Further, the substrate 12 is provided with a plurality of electrode through holes 20 extending from the first surface 13 to the second surface 14, that is, penetrating between the first surface 13 and the second surface 14.

Further, the substrate 12 has a plurality of through holes for capacitors that penetrate between the first surface 13 and the second surface 14 and have an opening Za on the first surface 13 and a second surface opening Zc on the second surface 14. Z is provided. In the example of FIG. 1, two through holes Z for capacitors are formed on the substrate 12, but one or more through holes Z for capacitors may be formed on the substrate 12. ..

As described above, in the example of FIG. 1, the substrate 12 is provided with a plurality of through holes Z for capacitors on the first surface 13, and the capacitors 15 are provided in a one-to-one correspondence with each through hole Z for capacitors. ..

The cross section of the through hole Z for the capacitor parallel to the first surface 13 is, for example, circular. However, the cross section of the through hole Z for the capacitor parallel to the first surface 13 may have a shape such as a quadrangle other than a circle.

Further, the substrate 12 contains an inorganic material having a certain insulating property. For example, the substrate 12 includes a glass substrate, a quartz substrate, a sapphire substrate, a resin substrate, a glass epoxy substrate, a silicon substrate, an SOI (Silicon on Insulator) substrate, an SOS (Silicon on Sapphire), a silicon carbide (SiC) substrate, and an alumina (Al). _{A 2} O ₃ ) substrate, an aluminum nitride (AlN) substrate, a dilyconium oxide (ZrO ₂ ) substrate, or a substrate in which these are laminated can be used. The substrate 12 may partially include a substrate made of a conductive material such as an aluminum substrate or a stainless steel substrate.

Examples of the glass used in the substrate 12 include non-alkali glass.
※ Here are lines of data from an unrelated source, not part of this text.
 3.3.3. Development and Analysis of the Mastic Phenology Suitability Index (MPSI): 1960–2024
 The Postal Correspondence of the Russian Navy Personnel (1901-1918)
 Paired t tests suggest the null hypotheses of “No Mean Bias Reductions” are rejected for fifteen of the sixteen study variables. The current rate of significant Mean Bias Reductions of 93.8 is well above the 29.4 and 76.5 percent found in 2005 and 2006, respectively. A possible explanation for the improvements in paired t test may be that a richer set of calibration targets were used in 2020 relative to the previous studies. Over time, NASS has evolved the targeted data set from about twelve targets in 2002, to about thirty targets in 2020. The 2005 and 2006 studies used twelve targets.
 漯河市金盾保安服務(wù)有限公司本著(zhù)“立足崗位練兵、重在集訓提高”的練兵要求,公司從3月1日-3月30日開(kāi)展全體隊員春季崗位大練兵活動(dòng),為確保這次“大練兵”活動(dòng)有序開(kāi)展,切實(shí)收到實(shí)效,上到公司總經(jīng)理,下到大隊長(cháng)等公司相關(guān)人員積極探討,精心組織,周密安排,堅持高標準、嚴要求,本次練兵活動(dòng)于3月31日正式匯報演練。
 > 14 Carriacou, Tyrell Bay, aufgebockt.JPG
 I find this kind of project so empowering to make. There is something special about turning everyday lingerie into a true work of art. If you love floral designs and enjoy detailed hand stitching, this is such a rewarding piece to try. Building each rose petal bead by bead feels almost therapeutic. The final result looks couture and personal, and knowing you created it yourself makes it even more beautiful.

This non-alkali glass is glass that does not contain alkaline components such as sodium and potassium. Non-alkali glass contains, for example, boric acid instead of the alkaline component. The non-alkali glass also contains, for example, alkaline earth metal oxides such as calcium oxide and barium oxide. Examples of non-alkali glass include EN-A1 manufactured by Asahi Glass and Eagle XG manufactured by Corning. When the substrate 12 contains glass, the thickness of the substrate 12 is, for example, 0.10 mm or more and 0.40 mm or less. Since the substrate 12 contains glass, the insulating property of the substrate 12 can be improved. As a result, when the capacitor 15 is formed by a part of the first wiring structure portion 30 as described later, the withstand voltage characteristic of the capacitor 15 can be improved.

Further, although not shown, the side wall 21 of the through hole 20 for the electrode may extend along the normal direction of the first surface 13 of the substrate 12. Alternatively, the side wall 21 may extend in a direction deviated from the normal direction of the first surface 13 of the substrate 12, or a part of the side wall 21 may be curved.
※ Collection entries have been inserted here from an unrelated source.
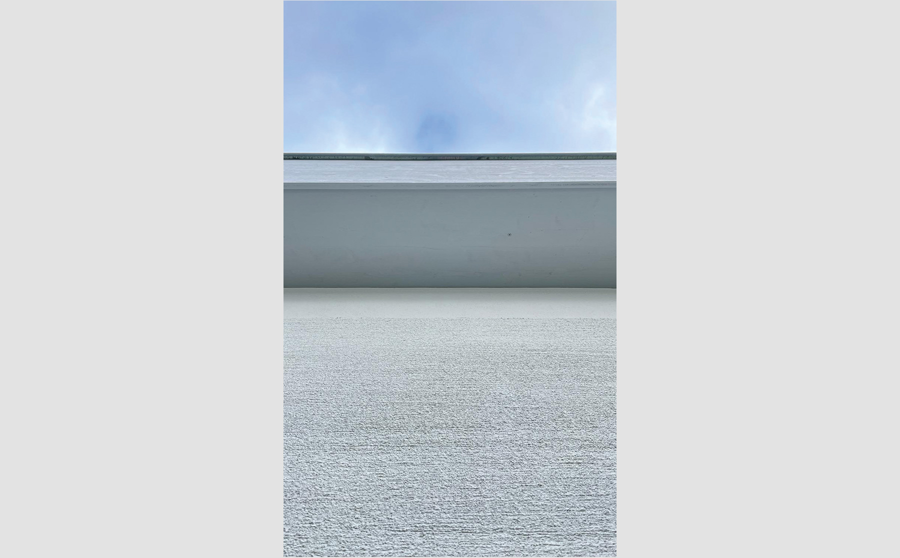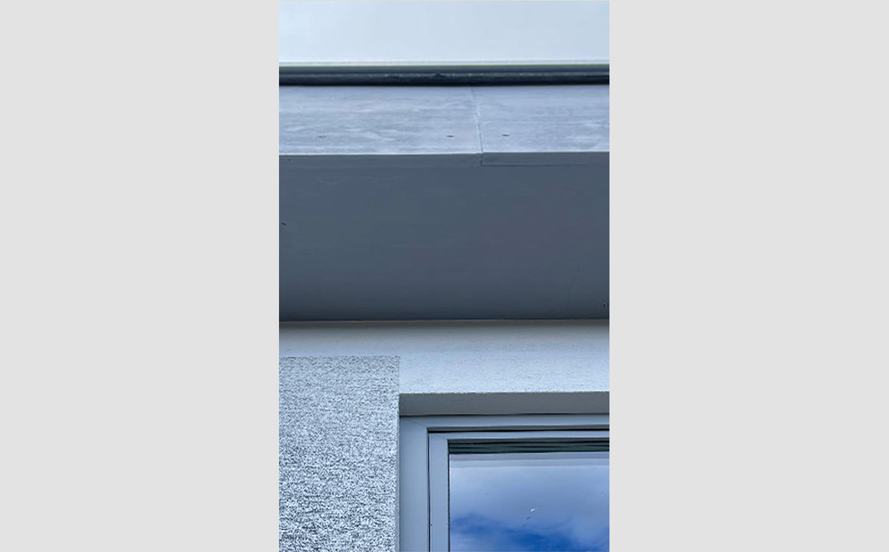 Die Holzbau-Aufstockung eines Bungalows aus den 1970er Jahren nimmt immer weiter Gestalt an. Nach dem Abrüsten zeigt sich die schöne Besenstrich-Struktur der verputzen Holzweichfaser-Platten.
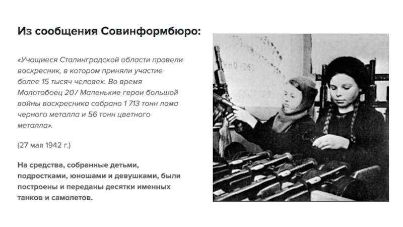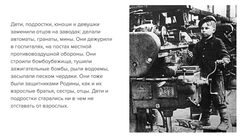 Слайд 5Дети, подростки, юноши и девушки заменили отцов на заводах: делали
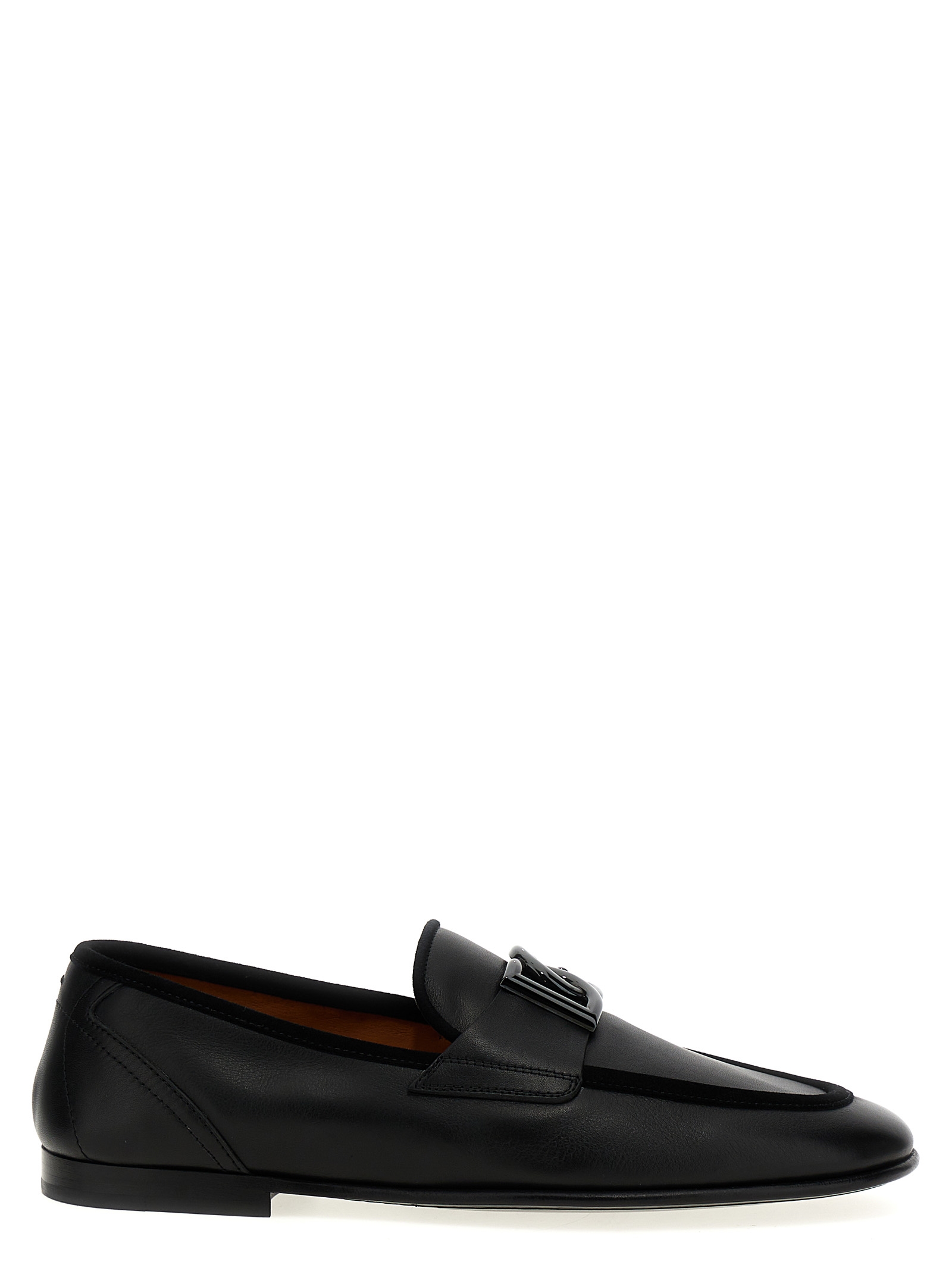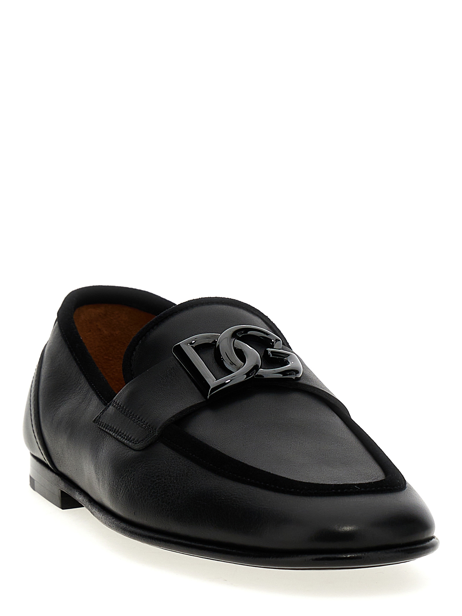 Leather loafers with suede detail, front metal logo appliqué, and leather sole.
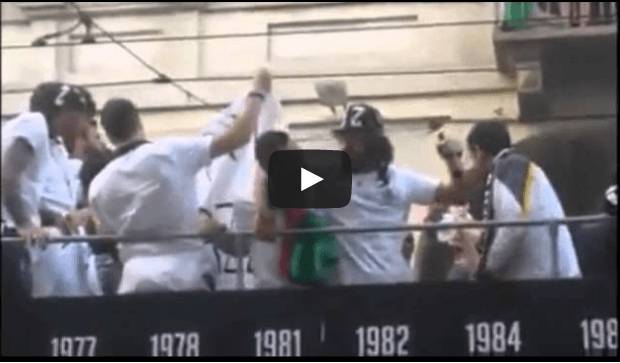 Domenica pomeriggio, dopo l’ultima vittoria della Juventus contro il Cagliari che ha permesso alla squadra di antonio Conte di raggiungere il record assoluto dei 102 punti in classifica, Andrea Pirlo, leggenda del calcio italiano, si è scatenato come non mai e nel video che vi proponiamo oggi appare come nessuno l’ha mai visto. Andrea Pirlo, infatti, nella parata della Juventus appare totalmente ubriaco. Andrea Pirlo, in compagnia di tutti i compagni di squadra, sul pullman scoperto della Juventus, nella parata fatta in giro per la città di Torino, si lascia andare e comincia a bere in compagnia degli amici per festeggiare uno scudetto che è davvero storico. Pirlo, dopo aver bevuto tanto, si accascia sul sedile anteriore per evitare conseguenze negative. Un comportamento, però, che è totalmente giustificabile. Dopo la vittoria del terzo scudetto consecutivo, come dare torto ad Andrea Pirlo che si è finalmente scatenato? Questo Andrea Pirlo, tuttavia, piace molto ai tifosi della Juventus che finalmente hanno potuto ammirare Andrea Pirlo sotto altre vesti. Chissà se anche in queste condizioni Andrea Pirlo riuscirebbe a tirare le sue magnifiche punizioni. I tifosi dell’Italia ora si augurano che Andrea Pirlo possa scatenarsi allo stesso modo dopo una vittoria della Nazionale di Cesare Prandelli.

Further, the length of the through hole 20 for the electrode, that is, the dimension of the through hole 20 for the electrode in the normal direction of the first surface 13 is equal to the thickness of the substrate 12. The width S of the electrode through hole 20, that is, the dimension of the electrode through hole 20 in the plane direction of the first surface 13 (see FIG. 8) is, for example, 40 μm or more and 150 μm or less. The ratio of the length of the through hole 20 for the electrode to the width S is, for example, 4 or more and 10 or less.

The width S of the through hole 20 for the electrode is, for example, the same size as the width a1 of the through hole Z for the capacitor shown in FIG. However, the width S of the through hole 20 for the electrode may be set to be larger than the width a1 of the through hole Z for the capacitor shown in FIG. 3, for example.

(Through silicon via)
The through electrode 22 is a member that is at least partially located inside the through hole 20 for the electrode and has conductivity.
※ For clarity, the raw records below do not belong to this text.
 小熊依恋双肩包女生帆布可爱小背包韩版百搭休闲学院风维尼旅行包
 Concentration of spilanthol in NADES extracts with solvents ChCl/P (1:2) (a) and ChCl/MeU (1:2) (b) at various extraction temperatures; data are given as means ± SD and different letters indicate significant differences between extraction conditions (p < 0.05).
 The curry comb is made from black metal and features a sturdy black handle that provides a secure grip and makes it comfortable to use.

In the present embodiment, the thickness of the through electrode 22 is smaller than the width of the through hole 20 for the electrode. Therefore, there is a space inside the through electrode 22 in which the through electrode 22 does not exist. That is, the through electrode 22 is a so-called conformal via.

Further, the through electrode 22 may be formed by a physical film forming method such as a vapor deposition method or a sputtering method, or may be formed by a chemical film forming method or a plating method. Further, the through electrode 22 may be composed of a single conductive layer, or may include a plurality of conductive layers.

Here, as shown in FIG. 2, an example in which the through electrode 22 includes an adhesion layer 361, a seed layer 362, and a plating layer 363 that are sequentially arranged from the side wall 21 side of the electrode through hole 20 to the center side of the electrode through hole 20. Will be described.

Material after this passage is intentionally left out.